Basically once the Quiet Revolution happened, Montreal started to go downhill. Talk of seperatism didn't help things either. Once that started, so many businesses moved their headquarters to Toronto out of fear of Quebec Seperatism.
 
Basically once the Quiet Revolution happened, Montreal started to go downhill. Talk of seperatism didn't help things either. Once that started, so many businesses moved their headquarters to Toronto out of fear of Quebec Seperatism.
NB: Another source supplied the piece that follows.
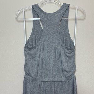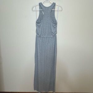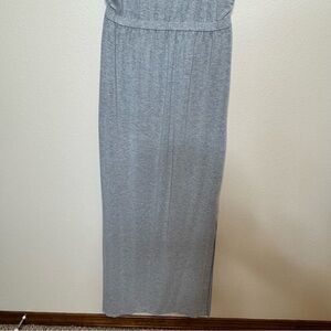 Chic heather gray maxi dress. Sleeveless design. Perfect for versatile styling. Soft comfy fabric with elastic waistband, side slits on both sides. Size small

That was part of it, but the other part was the construction of the St. Lawrence Seaway. Uptil the 1950s, ships from overseas had to offload their cargoes at Montreal because it wasn't possible for them to continue downstream. While, the Seaway didn't kill Montreal as a port, it DID serve to shift the focus away from Montreal because it was no longer neccessary to stop there. Butterfly away the St.Lawrence Seaway and Montreal remains Canada's economic engine for longer.
 
Stopping the anglophone migration out of Montreal would also undoubtedly allow it to remain an important fixture of the Canadian economy.